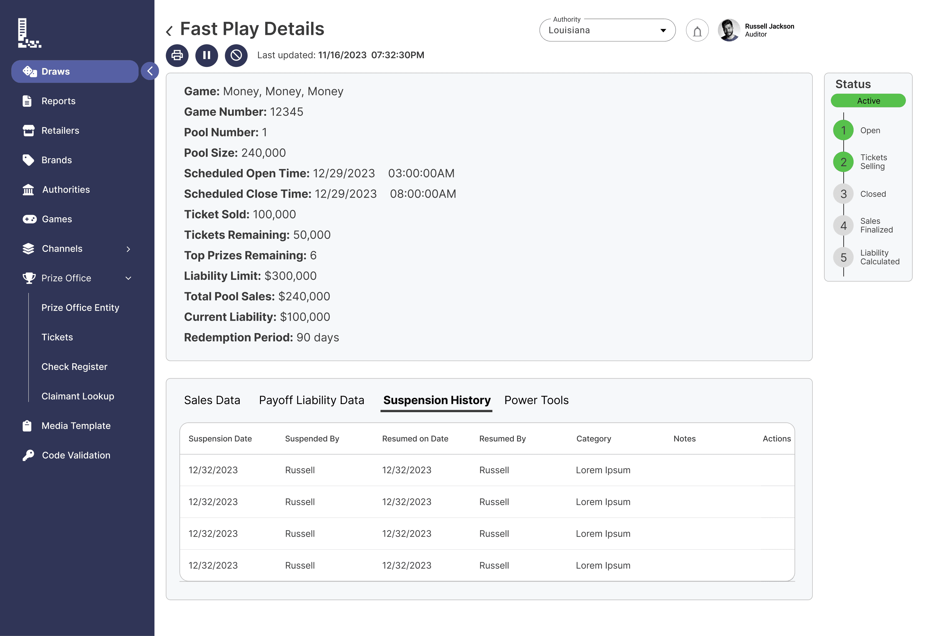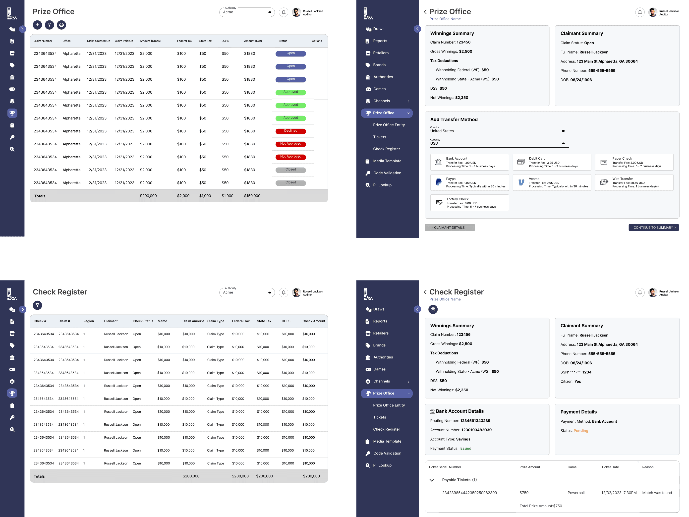 A big part of our Operations Portal is the Prize Office. This part of the system manages and verifies winning tickets and prize payouts. It acts as the claim control center, ensuring that all claims are processed securely, fairly, and in compliance with all regulations. Some core functions of the Prize Office are ticket validation, prize claim processing, balance and liability, audit and compliance and winner management. Here is a small snippet of the Prize Office we created for our Operations Portal.
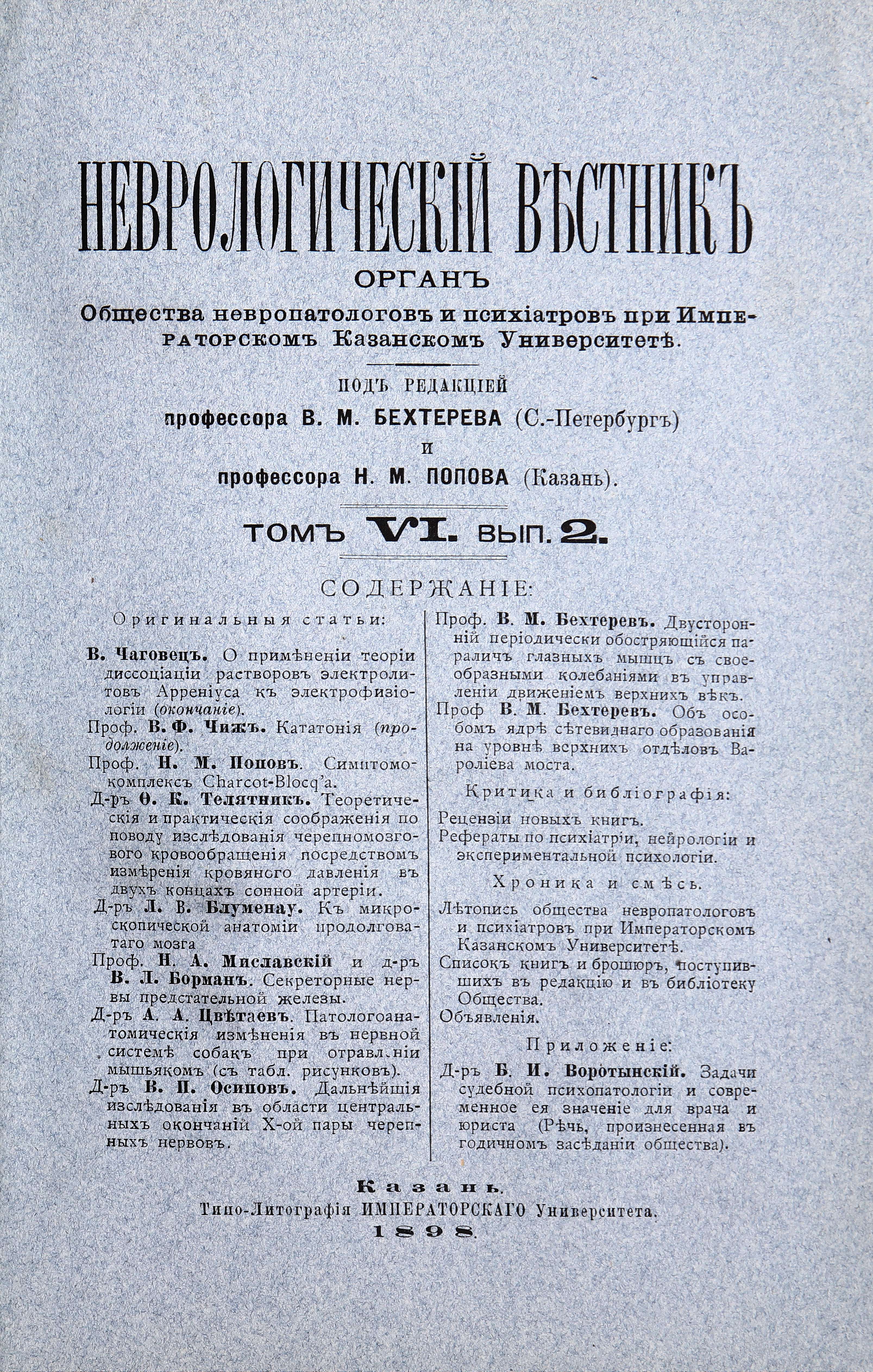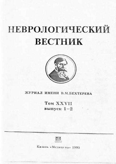 Печатным органом общества стал журнал "Неврологический вестник", издававшийся под редакцией В.М. Бехтерева с 1893 по 1918 г. С 1880-х годов по 1918 г. в России существовало 18 периодических изданий неврологической тематики, но большая часть из них выходила не более одного-пяти лет подряд. В числе самых стабильных и авторитетных были три журнала: "Обозрение психиатрии, неврологии, неврологии и экспериментальной психологии" также под редакцией Бехтерева (Петербург, 1896—1918), "Журнал невропатологии и психиатрии им. С.С.Корсакова" (Москва, 1901—1917) и казанский "Неврологический вестник"8. В 1993 г. нами был возрожден журнал "Неврологический вестник" с присвоением ему имени основателя — В.М. Бехтерева. В январе 1998 г. "Неврологическому вестнику" исполнится 105 лет.
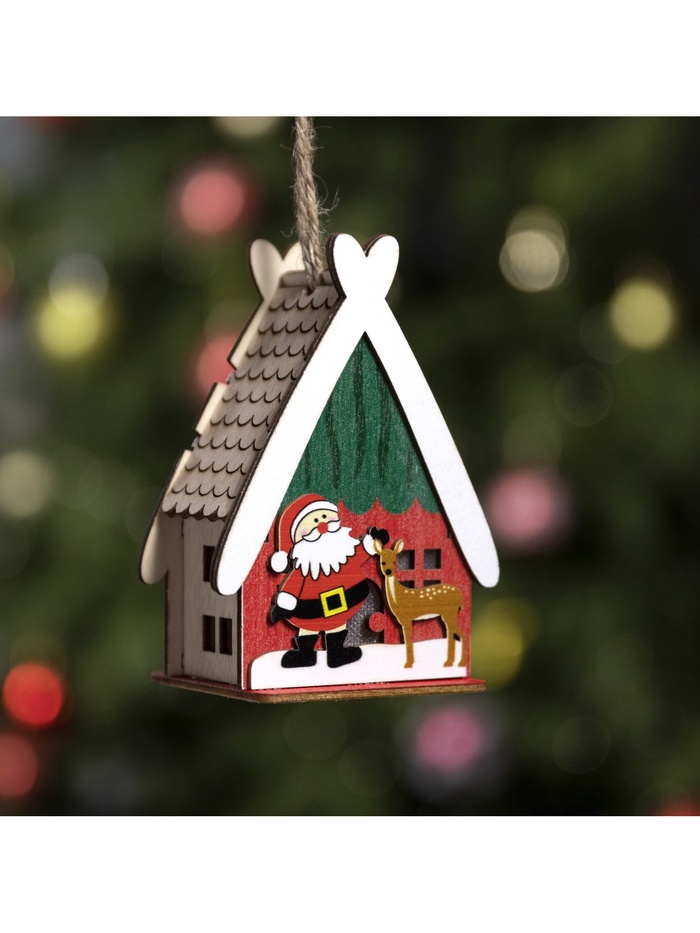 Деревянный домик с подсветкой - это очаровательное украшение для вашей новогодней ёлки. Создаст атмосферу праздника и добавит уюта в ваш дом.

Exercise: Any picture in the listing is to be omitted. Return exactly the lines from the one containing "Печатным органом общества" through its last line, both included, and only those.

Solution to this exercise:
 Печатным органом общества стал журнал "Неврологический вестник", издававшийся под редакцией В.М. Бехтерева с 1893 по 1918 г. С 1880-х годов по 1918 г. в России существовало 18 периодических изданий неврологической тематики, но большая часть из них выходила не более одного-пяти лет подряд. В числе самых стабильных и авторитетных были три журнала: "Обозрение психиатрии, неврологии, неврологии и экспериментальной психологии" также под редакцией Бехтерева (Петербург, 1896—1918), "Журнал невропатологии и психиатрии им. С.С.Корсакова" (Москва, 1901—1917) и казанский "Неврологический вестник"8. В 1993 г. нами был возрожден журнал "Неврологический вестник" с присвоением ему имени основателя — В.М. Бехтерева. В январе 1998 г. "Неврологическому вестнику" исполнится 105 лет.
 Деревянный домик с подсветкой - это очаровательное украшение для вашей новогодней ёлки. Создаст атмосферу праздника и добавит уюта в ваш дом.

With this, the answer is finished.